## What the task asks
Wherever the word "sample" occurs in the lines below, copy the whole line.

## Data section

# # #

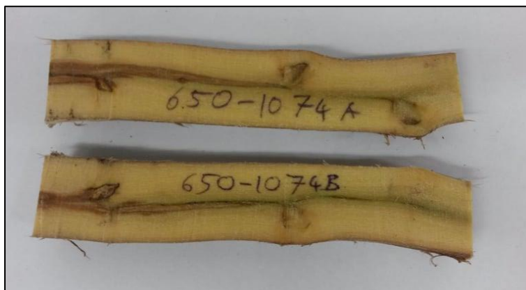
Figure 2. One sample cut into half-prongs, side A and B.

After the measurements required to determine the growth strain were taken, each stem sample was trimmed to yield two 15 cm half-prongs using a cross-cut saw. The half-prongs were designated ‘side A’ and ‘side B’ to keep track of the individual stem samples (Fig. 2). The mass of the half-prongs was measured using a balance. The volume was measured using the gravimetric water displacement method.
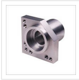
Closed Die Forgings
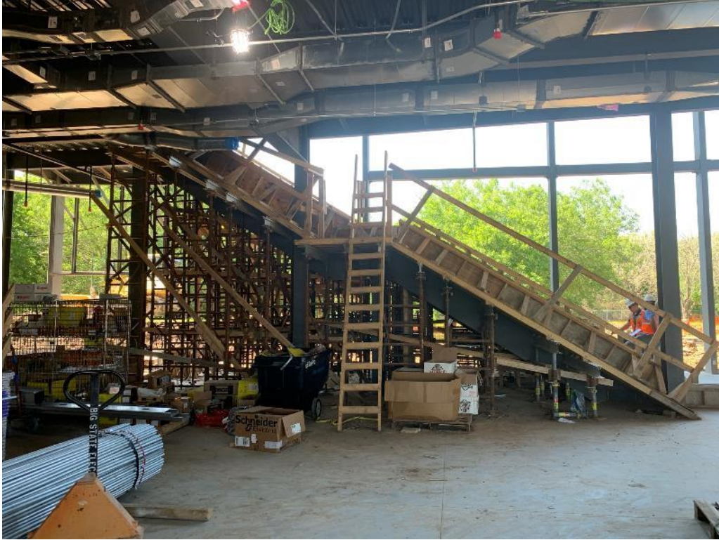
Monumental Stairs Temporary Shoring and Framing Erected

# # #

## Task result
Figure 2. One sample cut into half-prongs, side A and B.
After the measurements required to determine the growth strain were taken, each stem sample was trimmed to yield two 15 cm half-prongs using a cross-cut saw. The half-prongs were designated ‘side A’ and ‘side B’ to keep track of the individual stem samples (Fig. 2). The mass of the half-prongs was measured using a balance. The volume was measured using the gravimetric water displacement method.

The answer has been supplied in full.